### Exercise prompt
Copy word for word, please, the lines of the entries below running from the one containing "Nước Hoa Hồng" to the one containing "近日,共青團(tuán)延安", both ends included.

### Extracted records

------------

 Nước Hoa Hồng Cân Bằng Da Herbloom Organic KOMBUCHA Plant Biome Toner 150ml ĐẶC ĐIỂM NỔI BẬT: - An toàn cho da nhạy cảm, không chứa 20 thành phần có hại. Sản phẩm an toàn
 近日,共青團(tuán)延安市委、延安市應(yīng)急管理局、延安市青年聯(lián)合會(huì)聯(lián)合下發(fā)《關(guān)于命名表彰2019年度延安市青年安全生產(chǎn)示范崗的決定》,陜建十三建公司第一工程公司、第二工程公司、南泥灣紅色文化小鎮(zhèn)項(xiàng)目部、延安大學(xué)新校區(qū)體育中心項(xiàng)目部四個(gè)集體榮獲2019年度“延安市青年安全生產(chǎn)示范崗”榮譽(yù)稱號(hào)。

------------

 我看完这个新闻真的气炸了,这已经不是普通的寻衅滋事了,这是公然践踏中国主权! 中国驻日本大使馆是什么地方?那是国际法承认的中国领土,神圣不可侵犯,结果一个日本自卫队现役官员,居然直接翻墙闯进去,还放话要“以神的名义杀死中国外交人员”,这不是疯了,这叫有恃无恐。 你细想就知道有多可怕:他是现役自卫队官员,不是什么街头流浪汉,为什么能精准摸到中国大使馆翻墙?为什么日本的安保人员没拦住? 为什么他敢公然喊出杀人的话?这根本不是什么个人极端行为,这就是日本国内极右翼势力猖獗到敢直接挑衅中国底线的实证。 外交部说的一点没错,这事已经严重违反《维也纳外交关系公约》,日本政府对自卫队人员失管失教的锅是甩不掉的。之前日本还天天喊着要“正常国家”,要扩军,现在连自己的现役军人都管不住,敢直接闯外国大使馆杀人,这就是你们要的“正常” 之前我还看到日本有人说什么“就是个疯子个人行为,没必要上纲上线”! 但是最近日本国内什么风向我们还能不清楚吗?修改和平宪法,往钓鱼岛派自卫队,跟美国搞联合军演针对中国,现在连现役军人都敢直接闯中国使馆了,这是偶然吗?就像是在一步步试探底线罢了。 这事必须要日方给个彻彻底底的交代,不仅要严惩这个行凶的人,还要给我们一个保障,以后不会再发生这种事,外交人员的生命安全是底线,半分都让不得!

------------

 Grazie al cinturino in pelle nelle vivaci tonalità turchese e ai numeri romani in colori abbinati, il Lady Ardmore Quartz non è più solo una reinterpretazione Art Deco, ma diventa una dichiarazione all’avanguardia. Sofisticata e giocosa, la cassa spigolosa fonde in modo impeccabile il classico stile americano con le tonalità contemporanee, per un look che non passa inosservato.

------------

### Solution to the exercise
 Nước Hoa Hồng Cân Bằng Da Herbloom Organic KOMBUCHA Plant Biome Toner 150ml ĐẶC ĐIỂM NỔI BẬT: - An toàn cho da nhạy cảm, không chứa 20 thành phần có hại. Sản phẩm an toàn
 近日,共青團(tuán)延安市委、延安市應(yīng)急管理局、延安市青年聯(lián)合會(huì)聯(lián)合下發(fā)《關(guān)于命名表彰2019年度延安市青年安全生產(chǎn)示范崗的決定》,陜建十三建公司第一工程公司、第二工程公司、南泥灣紅色文化小鎮(zhèn)項(xiàng)目部、延安大學(xué)新校區(qū)體育中心項(xiàng)目部四個(gè)集體榮獲2019年度“延安市青年安全生產(chǎn)示范崗”榮譽(yù)稱號(hào)。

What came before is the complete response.